2.11 The law should not be interpreted to grant power to the State, thru the DAR, to choose who should benefit from multi-million peso deals involving lands awarded to supposed agrarian reform beneficiaries who then apply for conversion, and thereafter sell the lands as non-agricultural land.
Respondents, in trying to make light of this problem, merely emphasize that CLOAs are not titles. They state that "rampant selling of rights", should this occur, could be remedied by the cancellation or recall by DAR.
In the recent case of "Hon. Carlos O. Fortich, et. al. vs. Hon. Renato C. Corona, et. al." (G.R. No. 131457, April 24, 1998), this Court found the CLOAs given to the respondent farmers to be improperly issued and declared them invalid. Herein petitioner Roxas and Co., Inc. has presented a stronger case than petitioners in the aforementioned case. The procedural problems especially the need for referral to the Court of Appeals are not present. The instant petition questions the Court of Appeals decision which acted on the administrative decisions. The disputed properties in the present case have been declared non-agricultural not so much because of local government action but by Presidential Proclamation. They were found to be non-agricultural by the Department of Agriculture, and through unmistakable implication, by DAR itself. The zonification by the municipal government, approved by the provincial government, is not the only basis.

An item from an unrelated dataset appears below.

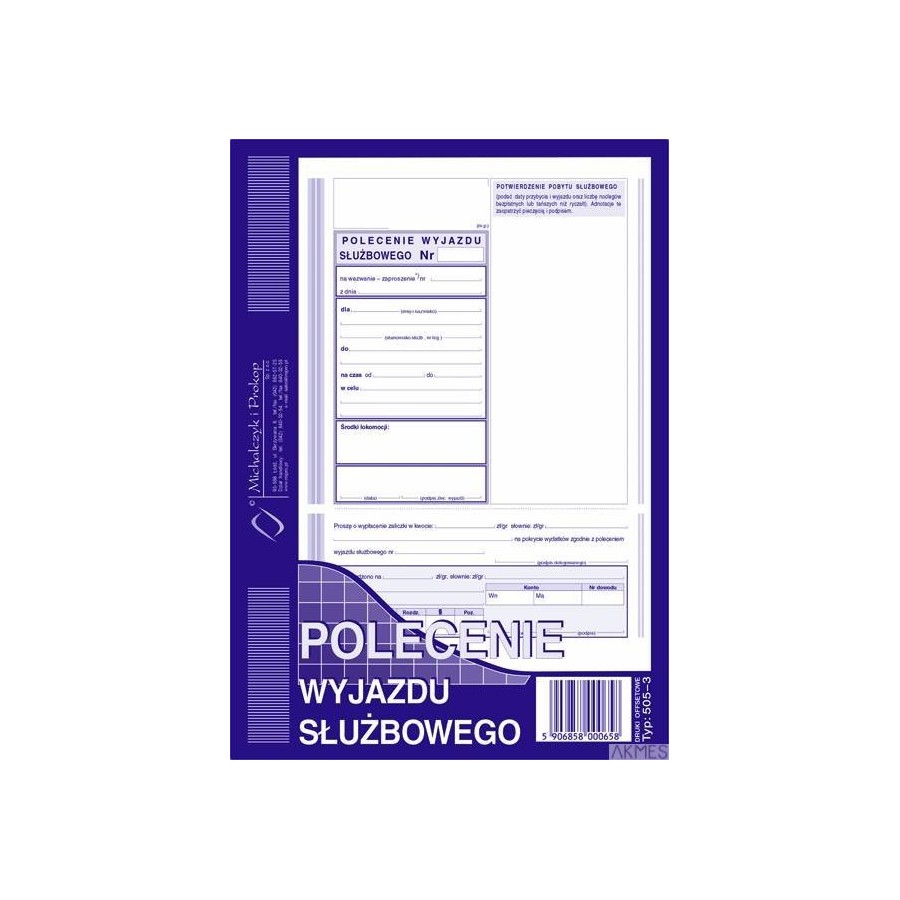 505-3 Polecenie wyjazdu służbowego MICHALCZYK&PROKOP A5 40 kartek

On a final note, it may not be amiss to stress that laws which have for their object the preservation and maintenance of social justice are not only meant to favor the poor and underprivileged. They apply with equal force to those who, notwithstanding their more comfortable position in life, are equally deserving of protection from the courts. Social justice is not a license to trample on the rights of the rich in the guise of defending the poor, where no act of injustice or abuse is being committed against them. As we held in Land Bank (supra.):
It has been declared that the duty of the court to protect the weak and the underprivileged should not be carried out to such an extent as to deny justice to the landowner whenever truth and justice happen to be on his side. As eloquently stated by Justice Isagani Cruz:
. . . social justice — or any justice for that matter — is for the deserving, whether he be a millionaire in his mansion or a pauper in his hovel. It is true that, in case of reasonable doubt, we are called upon to tilt the balance in favor of the poor simply because they are poor, to whom the Constitution fittingly extends its sympathy and compassion. But never is it justified to prefer the poor simply because they are poor, or to eject the rich simply because they are rich, for justice must always be served, for poor and rich alike, according to the mandate of the law.

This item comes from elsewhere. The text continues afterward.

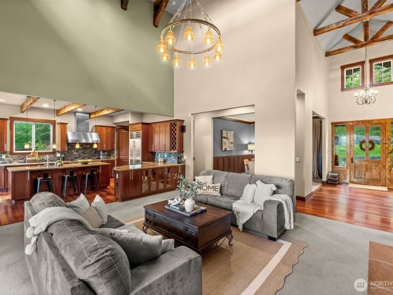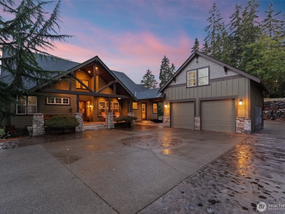 Looking for a place where life slows down? Fully fenced & completely usable. Sweeping views of Glen Cove, Mt. Adams, & Mt. Rainier. 24' beamed ceilings, solid walnut front door, & 3 fireplaces. Main floor primary feels like a private spa, w/ 2 closets, steam sauna, & deck access. The kitchen is as functional as it is beautiful, over 1,200 square feet of covered outdoor space perfect for gathering in every season. The property is a dream for hobbyists, horse lovers, or anyone who craves space: a gorgeous solar-powered barn w/ loft, detached shop, multiple outbuildings, garden space, ample parking, & even access to riding trails. It’s rare to find a property that balances comfort, function, and pure magic like this one. Welcome home.

IN THE LIGHT OF THE FOREGOING, I vote to grant the petition for certiorari; and to declare Haciendas Palico, Banilad and Caylaway, all situated in Nasugbu, Batangas, to be non-agricultural and outside the scope of Republic Act No. 6657. I further vote to declare the Certificates of Land Ownership Award issued by respondent Department of Agrarian Reform null and void and to enjoin respondents from proceeding with the compulsory acquisition of the lands within the subject properties. I finally vote to DENY the motion for intervention.